The data:
---

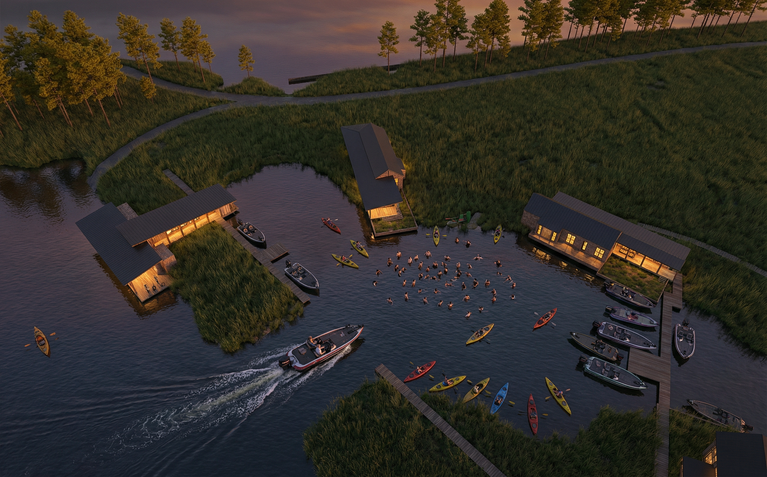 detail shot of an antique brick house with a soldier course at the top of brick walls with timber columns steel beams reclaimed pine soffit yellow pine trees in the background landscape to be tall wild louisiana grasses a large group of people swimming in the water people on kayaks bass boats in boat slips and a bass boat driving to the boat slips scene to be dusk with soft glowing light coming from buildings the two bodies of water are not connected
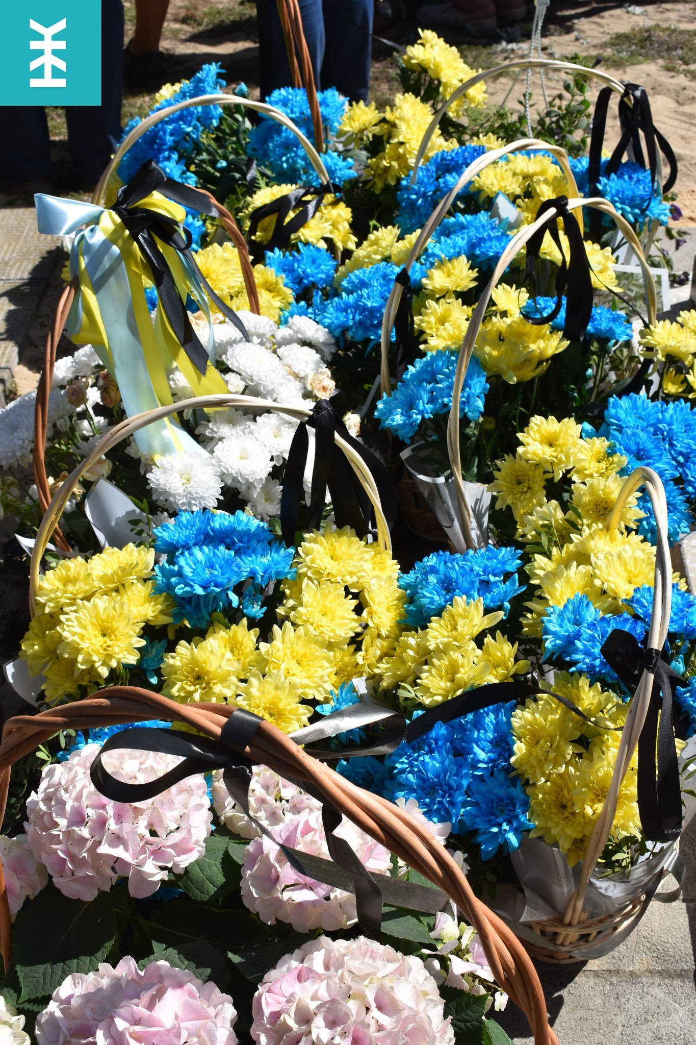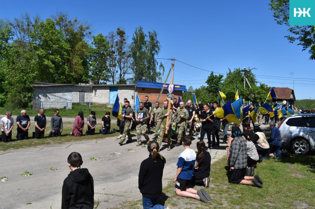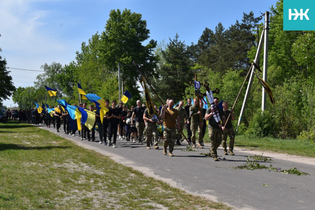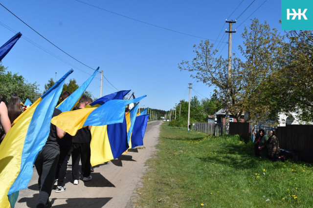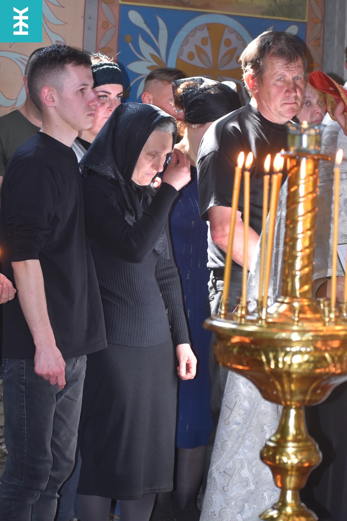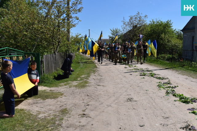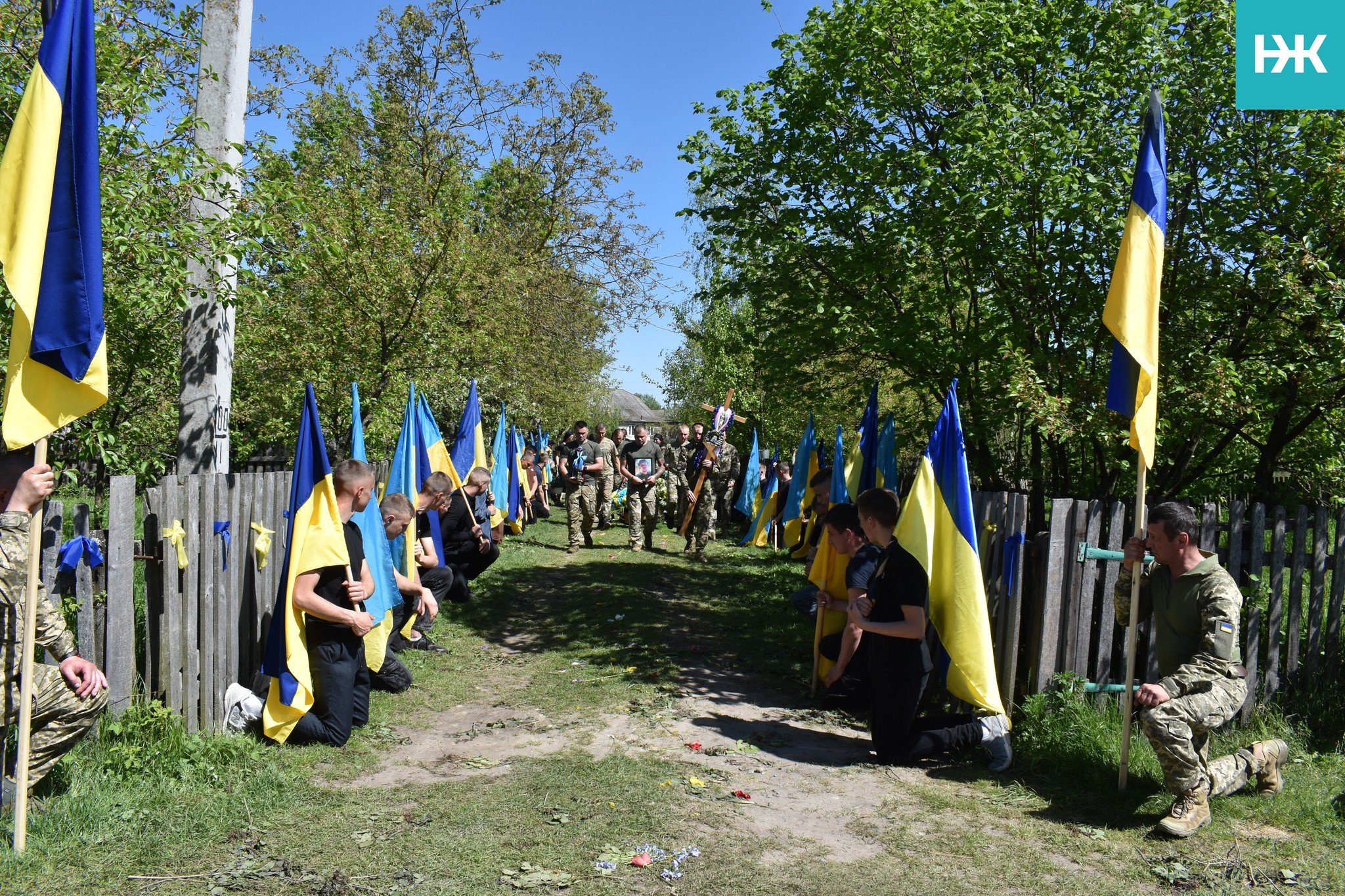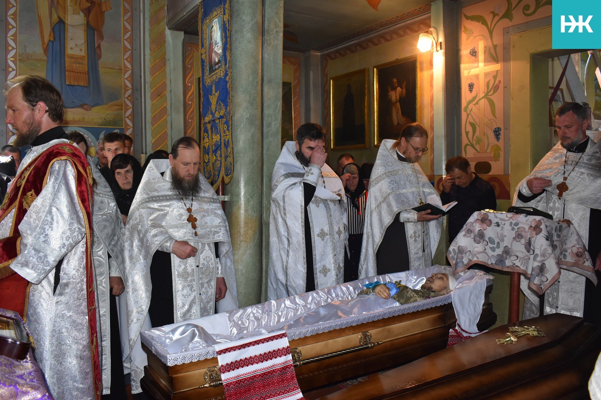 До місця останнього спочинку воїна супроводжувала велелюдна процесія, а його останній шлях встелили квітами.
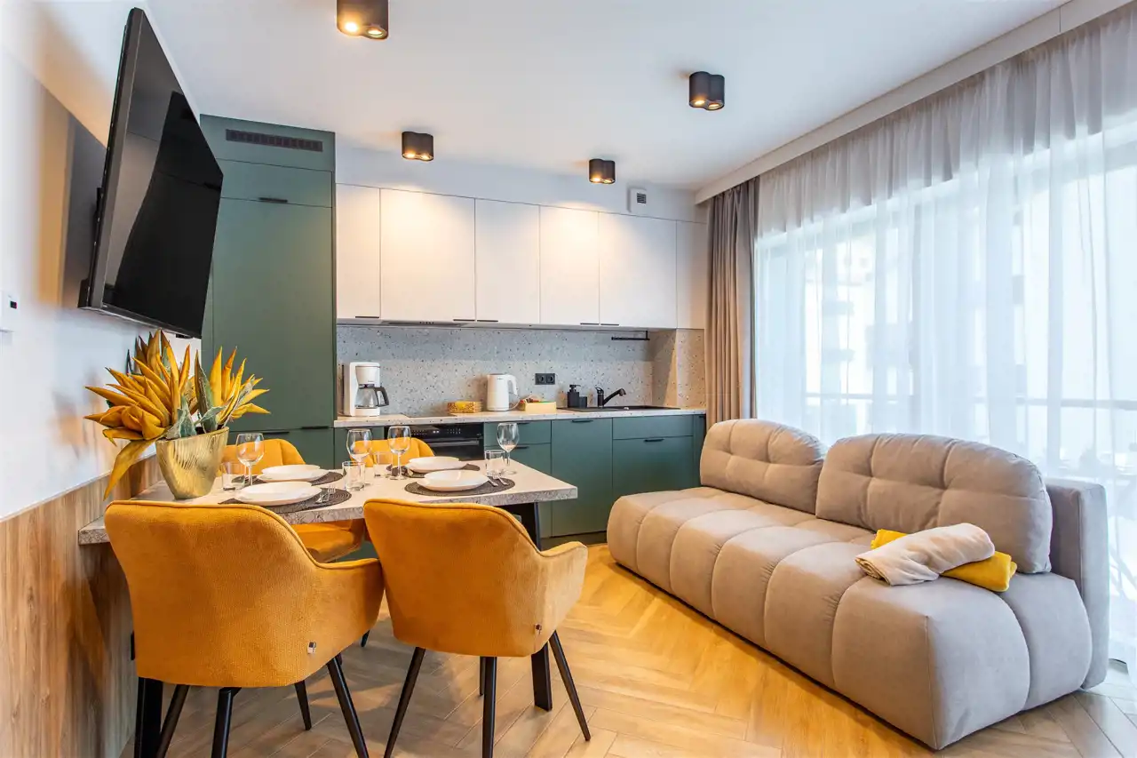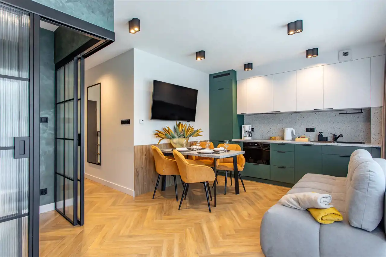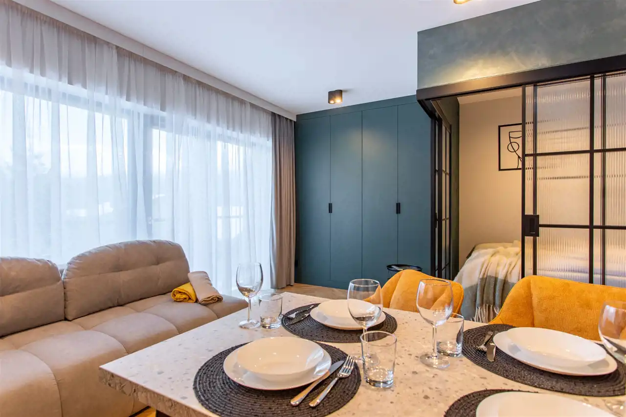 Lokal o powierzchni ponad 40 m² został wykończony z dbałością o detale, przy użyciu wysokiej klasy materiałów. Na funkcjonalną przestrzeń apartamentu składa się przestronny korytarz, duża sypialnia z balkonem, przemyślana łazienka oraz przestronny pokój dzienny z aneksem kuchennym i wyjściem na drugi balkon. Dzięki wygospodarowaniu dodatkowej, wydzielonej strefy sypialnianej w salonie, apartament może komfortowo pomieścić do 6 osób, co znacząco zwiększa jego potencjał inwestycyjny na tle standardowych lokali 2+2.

---

What to produce:
Could you please return each line of the material exactly, dropping the pictures?

Answer to this task:
 detail shot of an antique brick house with a soldier course at the top of brick walls with timber columns steel beams reclaimed pine soffit yellow pine trees in the background landscape to be tall wild louisiana grasses a large group of people swimming in the water people on kayaks bass boats in boat slips and a bass boat driving to the boat slips scene to be dusk with soft glowing light coming from buildings the two bodies of water are not connected
 До місця останнього спочинку воїна супроводжувала велелюдна процесія, а його останній шлях встелили квітами.
 Lokal o powierzchni ponad 40 m² został wykończony z dbałością o detale, przy użyciu wysokiej klasy materiałów. Na funkcjonalną przestrzeń apartamentu składa się przestronny korytarz, duża sypialnia z balkonem, przemyślana łazienka oraz przestronny pokój dzienny z aneksem kuchennym i wyjściem na drugi balkon. Dzięki wygospodarowaniu dodatkowej, wydzielonej strefy sypialnianej w salonie, apartament może komfortowo pomieścić do 6 osób, co znacząco zwiększa jego potencjał inwestycyjny na tle standardowych lokali 2+2.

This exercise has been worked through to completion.